Il est un nom que je veux ici particulièrement citer. Je m’en suis fait la promesse. C’est celui du commissaire de police de Val-de-Reuil : Arnaud Beldon. Visitant la commune de Normandie dont je suis le Maire, vous l’avez installé, Monsieur le Ministre, dans ses responsabilités. Le 13 novembre dernier, allant à un concert à Paris avec son amie, la commissaire de Deauville, une balle de Kalachnikov est venue briser son corps. Il n’a pas 40 ans. Il est à l’hôpital Percy. Pour lui, la convalescence sera longue et la vie difficile. Gravement blessé, il a  pourtant donné l’ordre à ceux qui l’entouraient de fuir et de le laisser. Qui peut se persuader qu’il aurait eu dans de pareilles circonstances une telle force d’âme ?

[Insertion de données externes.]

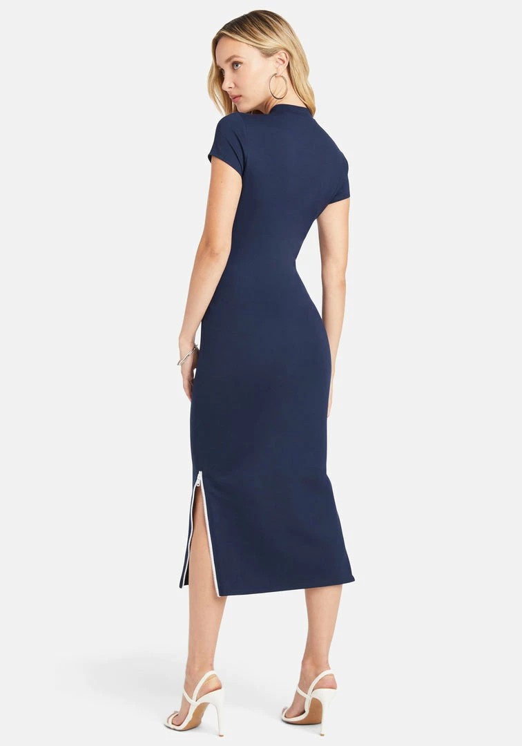 In this dress, you can give a little leg. The Bebe Contrast Detail Quarter Zip Dress is the perfect midi style to dress up or down. It features short sleeves, a bodycon fit, and side zippers on the hem.
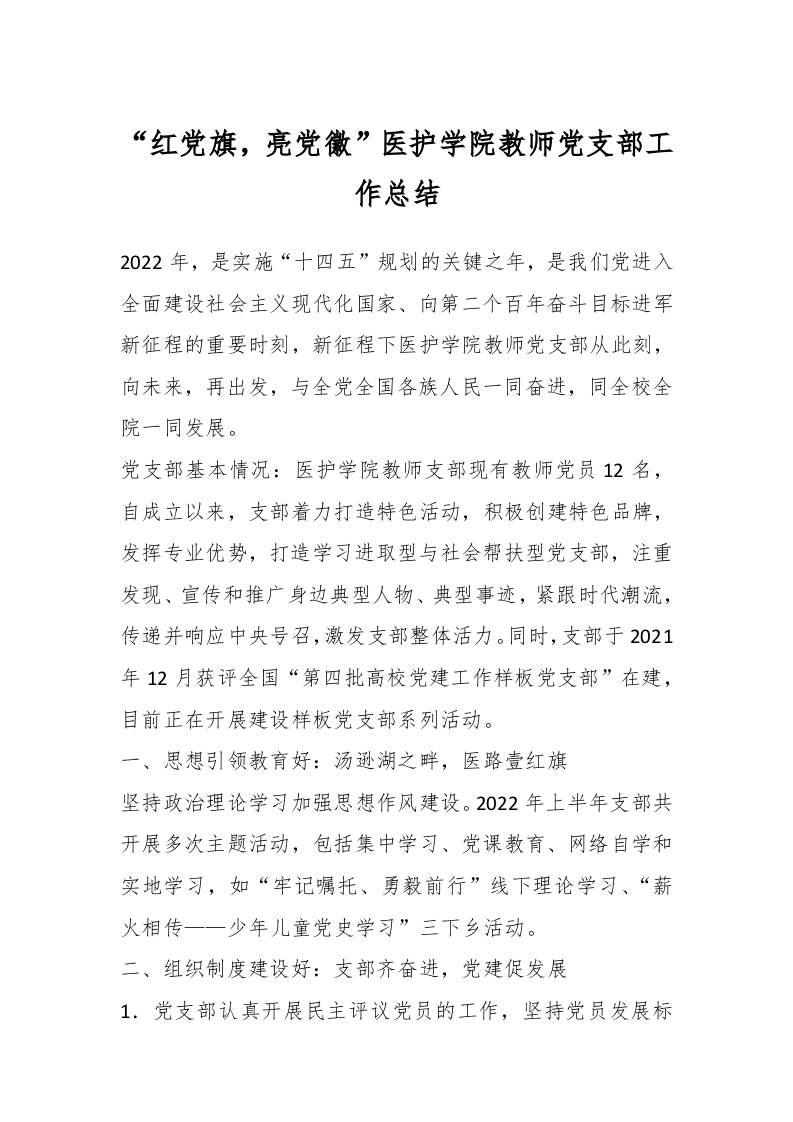 / “红党旗,亮党徽”医护学院教师党支部工作总结

Je n’arrive pas à la cheville de ces hommes exceptionnels. Pourtant j’ai accepté cette distinction. Tout simplement parce qu’elle me remplissait de fierté et de joie et parce que, à ces émotions, se sont agrégés l’amitié, le souvenir, le respect.

D’abord l’amitié. Certains souhaiteraient-ils sont de moins en moins nombreux – que des ministres deviennent leurs amis. Il se trouve que plusieurs de mes amis – ils sont de plus en plus nombreux – sont devenus ministres. Jean-Vincent Placé est avec nous ce soir. Qui sait où il sera demain ?

J’ai vu ainsi Bernard Cazeneuve vivre la transfiguration gouvernementale, évangéliser le Parlement, gravir le chemin de croix des crises, monter au Golgotha des médias, sans cesser d’espérer la résurrection électorale, mais il l’a fait dans la foi à lui-même, à ses convictions, à sa personnalité.

Nous nous connaissons depuis 25 ans. Il est encore parmi nous alors que c’est en ce moment précis l’anniversaire de son fils. Ce n’est pas le moindre des sacrifices auxquels cette cérémonie le contraint. Nous aurions pu, dès l’origine, sur des choses essentielles, nous fâcher. Nous l’avons évité. Parce que c’était lui, parce que c’était moi. Il peut nous arriver d’être véhéments. Toujours sur des sujets importants ! Encore récemment, le Préfet de l’Eure, qui ignorait le fond de notre discussion, mais s’effrayait du tour et du ton qu’elle prenait, aurait pu y laisser casquette et épaulettes en nous voyant gesticuler et vitupérer dans son département. C’eut été injuste. René Bidal est humainement et professionnellement remarquable. Nous l’avons rassuré. Nous ne sommes jamais violents. Cela d’autant plus que la taille des gardes du corps qui entourent Bernard Cazeneuve ne peut qu’entraîner une adhésion spontanée à ses paroles et à ses actes. Monsieur le Ministre, vous serez toujours, sans préciser si j’y applique césure à l’hémistiche et orthographe reformée, mon Cherbourgeois préféré.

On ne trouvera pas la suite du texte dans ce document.